500 years is the average brick lifespan

Hampton Court, built in 1529 is one of the Stately Homes of England, and a palace of Henry VIII. In the late medieval period, bricks were brought from the Low Countries to East Anglia. They were luxury items, and not everyone could afford them. While bricks are the defining feature of Tudor houses, those who were not rich enough had to use plaster
The bell tower situated over the entrance of the Castle of Good Hope in Cape Town is one of South Africa's oldest brick structures. It was built in 1684.

Research undertaken by Adrian Bown from Leeds Metropolitan University of 860 homes found that brick structures can have a lifespan of 500 years or more. This research focussed on traditional low-rise residential housing and smaller commercial brick built properties.

It found that “...under the right circumstances clay bricks have the potential to remain serviceable up to 650 years. This is approximately the time at which clay brickwork was first introduced to the UK from the continent.” In sharp contrast, some of the lightweight timber and fibre-cement panels used in construction have a design life of 50 years or less.
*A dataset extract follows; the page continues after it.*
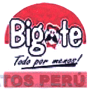 El logotipo conformado por la denominación BIGOTE escrita en letras características, apreciándose al interior de la letra O un rostro, figuras irregulares y frases alusivas al producto (sin reivindicar), en los colores rojo, negro y blanco; conforme al modelo adjunto.

Sustainability is not just about recycling or the use of carbon-free materials. Nor is it just about the embodied energy accrued through the processes of sourcing, production and transport. It’s about the whole life energy consumption of a product. The crucial additional element in any sustainability calculation is how much it costs to look after a product once it’s become part of a building.

There is evidence all around us that brick only gets better and better with age. Maintenance is minimal – repointing may be necessary after 68 years for cavity walls and 113 years for solid walls. In contrast to other materials, brick will not rot, rust, erode or decay. Wind and rain and snow will not damage it, weather merely mellows it.
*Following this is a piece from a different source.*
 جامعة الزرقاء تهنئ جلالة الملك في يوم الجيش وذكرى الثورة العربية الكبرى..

So as brick ages its looks improve and the embodied energy becomes insignificant. And, when the time comes to knock down brickwork, it can be crushed and recycled on site – and old lime mortar bricks can be cleaned up and re-used.

But why stop at recycling brick when it’s possible to recycle and successfully adapt entire brick buildings – or at least their shells? Re-using a brick building not only saves it from demolition but helps meet carbon reduction targets and preserves the character of an area.

Bricks blend easily with their environment, go comfortably with other building materials and will not rot, rust, erode, decay or ignite. They add structural stability, thermal mass and durability to an external wall.

Furthermore brickwork can be adapted as a building changes use. As brick ages its looks improve. And when the time comes to knock down brickwork it can be crushed or recycled on site – and old lime mortar bricks can be cleaned up and re-used. What’s more it’s possible to recycle or adapt entire brick buildings, or at least their shells.

Yet these environmental attributes are twinned with exceptionally low cost – most bricks are priced like a commodity. According to research by the RICS, brickwork enjoys the lowest installed cost and whole-life cost compared with glass, steel, proprietary renders and timber-based cladding systems.